▶ [DATA EXCERPTS]
[Start of section]

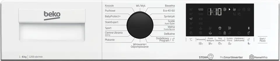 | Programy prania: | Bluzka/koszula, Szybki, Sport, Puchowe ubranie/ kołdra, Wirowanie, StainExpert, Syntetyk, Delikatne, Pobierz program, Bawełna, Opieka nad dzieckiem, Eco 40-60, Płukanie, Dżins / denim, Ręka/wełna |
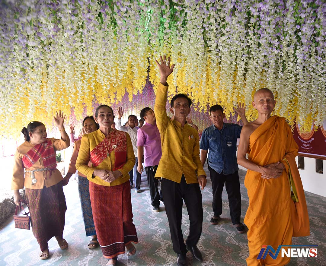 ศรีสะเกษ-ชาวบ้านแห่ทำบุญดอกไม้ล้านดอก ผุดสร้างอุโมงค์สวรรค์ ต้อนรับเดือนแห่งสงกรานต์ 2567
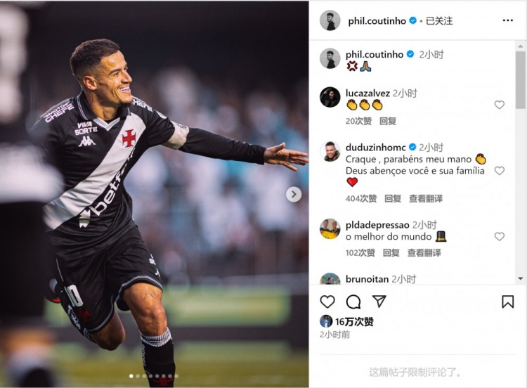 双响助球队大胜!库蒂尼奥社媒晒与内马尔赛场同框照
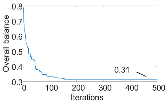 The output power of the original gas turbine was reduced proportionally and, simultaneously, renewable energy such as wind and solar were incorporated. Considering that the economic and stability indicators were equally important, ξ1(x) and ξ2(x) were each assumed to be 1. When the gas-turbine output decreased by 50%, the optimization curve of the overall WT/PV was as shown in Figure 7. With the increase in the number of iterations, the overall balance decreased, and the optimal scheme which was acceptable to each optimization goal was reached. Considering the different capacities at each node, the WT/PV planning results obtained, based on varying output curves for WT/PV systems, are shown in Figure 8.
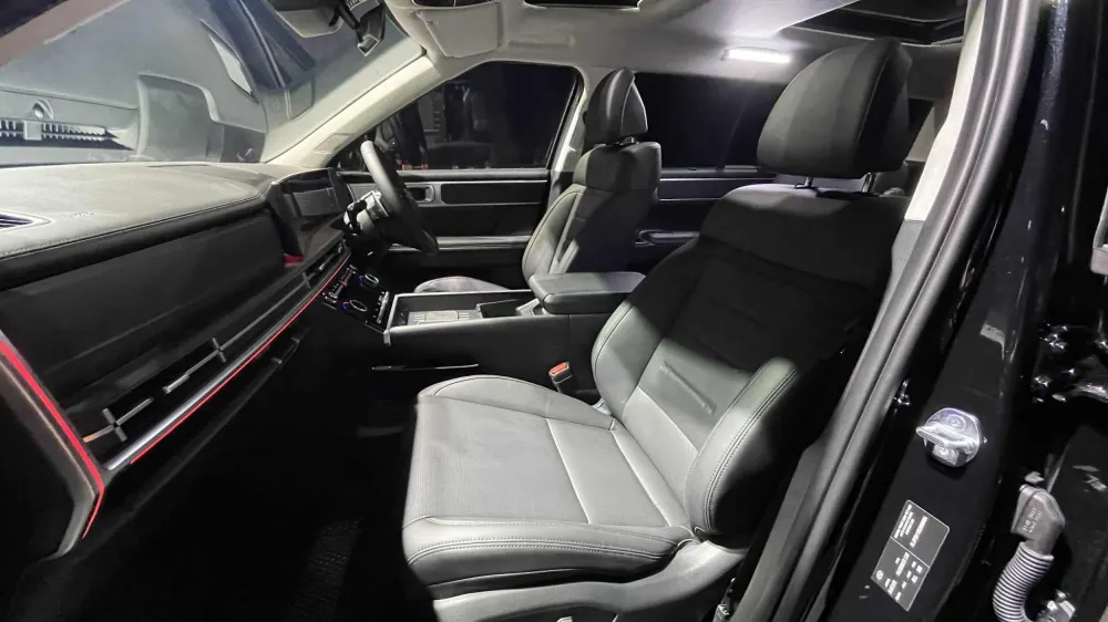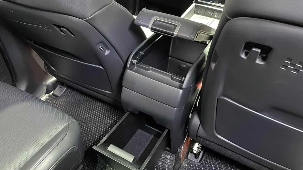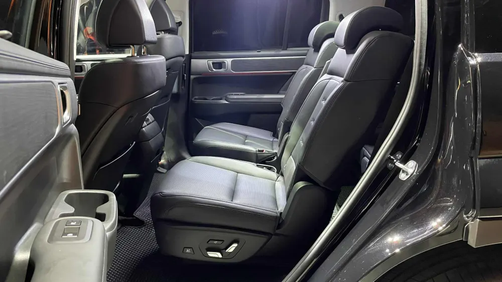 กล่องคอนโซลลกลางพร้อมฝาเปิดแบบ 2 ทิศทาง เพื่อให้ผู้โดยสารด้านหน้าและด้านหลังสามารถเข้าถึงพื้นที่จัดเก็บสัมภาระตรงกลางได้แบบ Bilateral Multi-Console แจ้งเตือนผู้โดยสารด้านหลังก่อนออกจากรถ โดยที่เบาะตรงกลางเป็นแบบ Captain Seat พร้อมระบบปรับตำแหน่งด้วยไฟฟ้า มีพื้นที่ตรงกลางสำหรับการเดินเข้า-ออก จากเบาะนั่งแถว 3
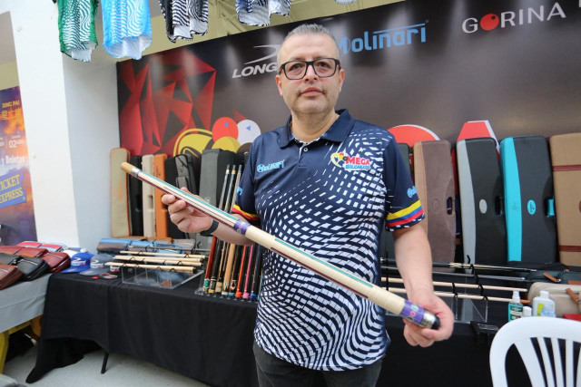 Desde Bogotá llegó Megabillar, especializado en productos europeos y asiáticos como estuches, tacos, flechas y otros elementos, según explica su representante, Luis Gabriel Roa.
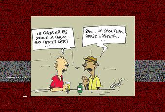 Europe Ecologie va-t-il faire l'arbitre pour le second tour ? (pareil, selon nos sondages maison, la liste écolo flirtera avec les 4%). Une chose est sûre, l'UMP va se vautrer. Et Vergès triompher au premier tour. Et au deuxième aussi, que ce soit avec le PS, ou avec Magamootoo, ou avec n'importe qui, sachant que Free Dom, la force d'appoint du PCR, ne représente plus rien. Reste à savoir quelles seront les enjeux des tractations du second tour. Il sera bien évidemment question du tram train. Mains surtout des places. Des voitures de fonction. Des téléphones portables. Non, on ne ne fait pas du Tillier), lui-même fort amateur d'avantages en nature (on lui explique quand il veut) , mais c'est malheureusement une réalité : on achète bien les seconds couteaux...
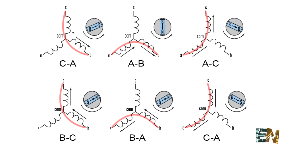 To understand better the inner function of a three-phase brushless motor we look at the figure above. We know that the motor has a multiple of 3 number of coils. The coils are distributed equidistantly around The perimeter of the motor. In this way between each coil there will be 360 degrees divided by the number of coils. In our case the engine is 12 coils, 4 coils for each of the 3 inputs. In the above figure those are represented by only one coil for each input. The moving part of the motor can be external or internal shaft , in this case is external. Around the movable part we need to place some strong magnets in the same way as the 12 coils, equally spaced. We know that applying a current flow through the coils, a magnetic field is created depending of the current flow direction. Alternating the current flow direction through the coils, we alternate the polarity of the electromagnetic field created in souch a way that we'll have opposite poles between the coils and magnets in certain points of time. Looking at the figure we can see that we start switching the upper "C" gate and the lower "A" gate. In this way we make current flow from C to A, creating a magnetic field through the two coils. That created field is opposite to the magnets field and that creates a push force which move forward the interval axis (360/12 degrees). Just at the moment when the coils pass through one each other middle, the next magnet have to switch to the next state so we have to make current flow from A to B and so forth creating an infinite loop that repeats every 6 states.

[End of section]
[Start of section]

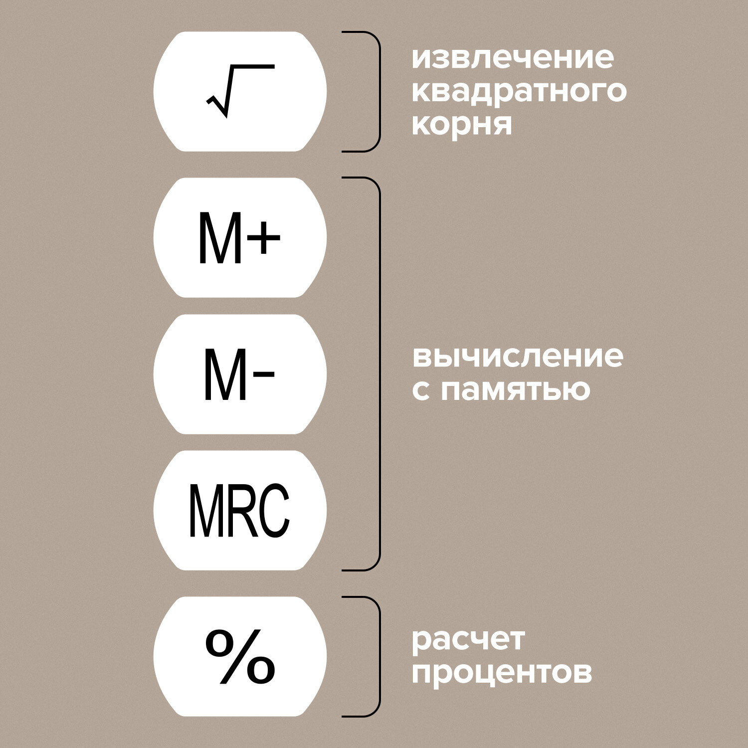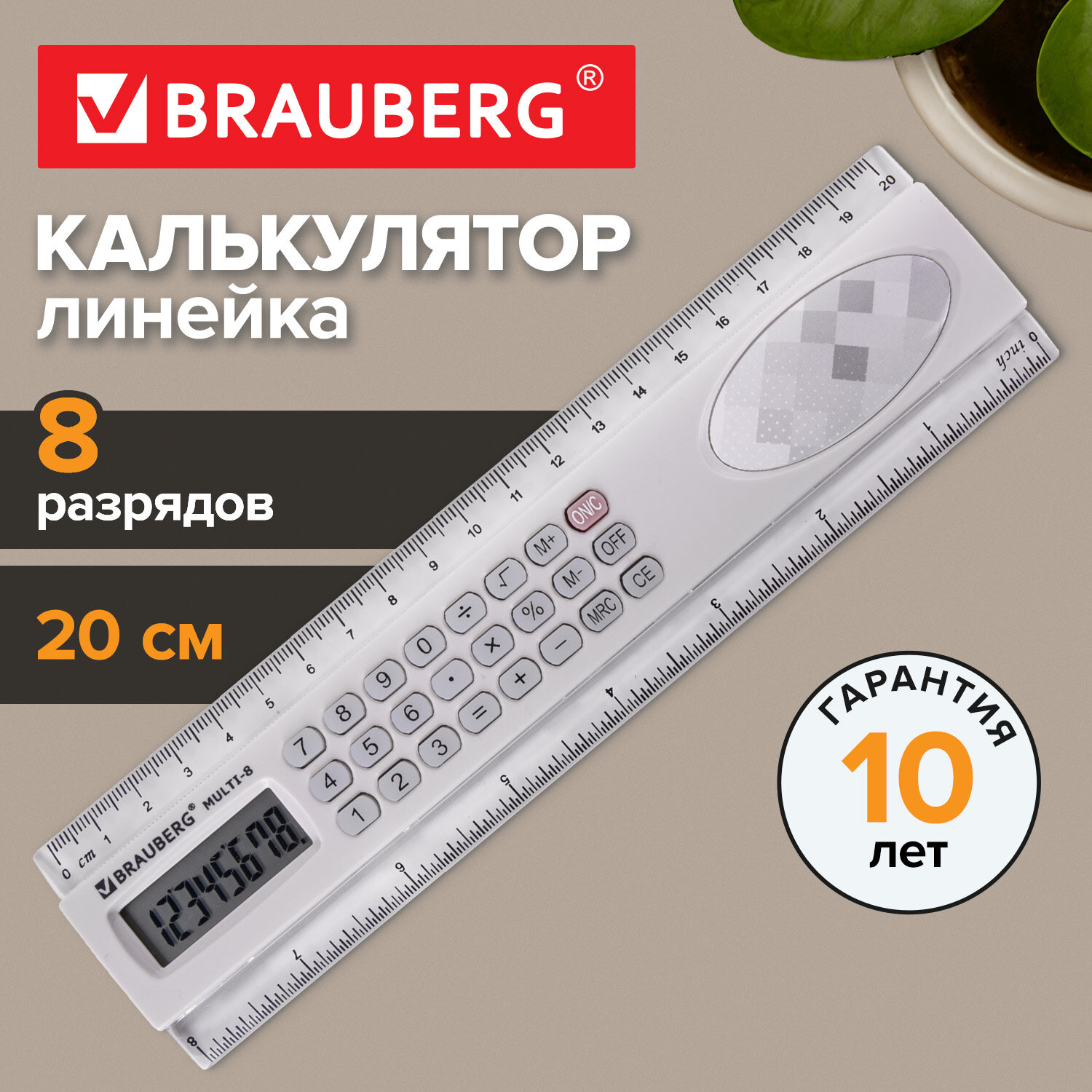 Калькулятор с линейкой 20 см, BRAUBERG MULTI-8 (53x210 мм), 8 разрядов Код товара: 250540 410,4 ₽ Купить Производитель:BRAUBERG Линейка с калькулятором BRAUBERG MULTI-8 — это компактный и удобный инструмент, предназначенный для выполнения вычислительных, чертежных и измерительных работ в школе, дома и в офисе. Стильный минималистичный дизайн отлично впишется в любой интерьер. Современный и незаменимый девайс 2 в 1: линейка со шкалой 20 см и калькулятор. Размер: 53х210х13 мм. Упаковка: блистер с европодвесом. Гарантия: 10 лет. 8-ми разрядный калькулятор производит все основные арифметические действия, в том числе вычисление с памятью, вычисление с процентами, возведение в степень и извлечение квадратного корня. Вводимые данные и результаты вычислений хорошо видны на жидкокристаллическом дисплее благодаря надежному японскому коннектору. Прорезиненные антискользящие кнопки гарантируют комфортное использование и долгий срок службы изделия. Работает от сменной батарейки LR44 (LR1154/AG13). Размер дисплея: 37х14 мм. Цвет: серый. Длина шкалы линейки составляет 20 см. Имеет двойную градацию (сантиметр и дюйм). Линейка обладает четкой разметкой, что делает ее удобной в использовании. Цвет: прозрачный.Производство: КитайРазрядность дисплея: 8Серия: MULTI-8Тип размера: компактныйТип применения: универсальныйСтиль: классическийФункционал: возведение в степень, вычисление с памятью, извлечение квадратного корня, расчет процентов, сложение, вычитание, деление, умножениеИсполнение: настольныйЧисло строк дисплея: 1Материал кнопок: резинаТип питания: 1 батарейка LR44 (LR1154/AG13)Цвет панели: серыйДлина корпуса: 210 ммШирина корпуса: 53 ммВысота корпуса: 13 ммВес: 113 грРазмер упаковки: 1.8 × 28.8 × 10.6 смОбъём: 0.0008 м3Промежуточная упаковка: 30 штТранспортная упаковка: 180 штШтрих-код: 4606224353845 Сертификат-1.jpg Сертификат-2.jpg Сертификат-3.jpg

[End of section]
[Start of section]

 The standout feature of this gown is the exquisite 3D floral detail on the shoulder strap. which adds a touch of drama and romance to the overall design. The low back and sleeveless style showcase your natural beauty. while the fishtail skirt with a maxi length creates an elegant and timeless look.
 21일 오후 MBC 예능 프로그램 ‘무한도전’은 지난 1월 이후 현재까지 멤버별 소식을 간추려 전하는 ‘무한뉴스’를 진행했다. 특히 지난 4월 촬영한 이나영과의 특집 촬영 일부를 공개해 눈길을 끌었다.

[End of section]

▶ [EXERCISE OBJECTIVE] In the entries above, find the line holding "The standout feature" and the line holding "21일 오후 MBC 예능", then retype exactly those two lines and every line between them, and nothing else.

▶ [RESPONSE]
 The standout feature of this gown is the exquisite 3D floral detail on the shoulder strap. which adds a touch of drama and romance to the overall design. The low back and sleeveless style showcase your natural beauty. while the fishtail skirt with a maxi length creates an elegant and timeless look.
 21일 오후 MBC 예능 프로그램 ‘무한도전’은 지난 1월 이후 현재까지 멤버별 소식을 간추려 전하는 ‘무한뉴스’를 진행했다. 특히 지난 4월 촬영한 이나영과의 특집 촬영 일부를 공개해 눈길을 끌었다.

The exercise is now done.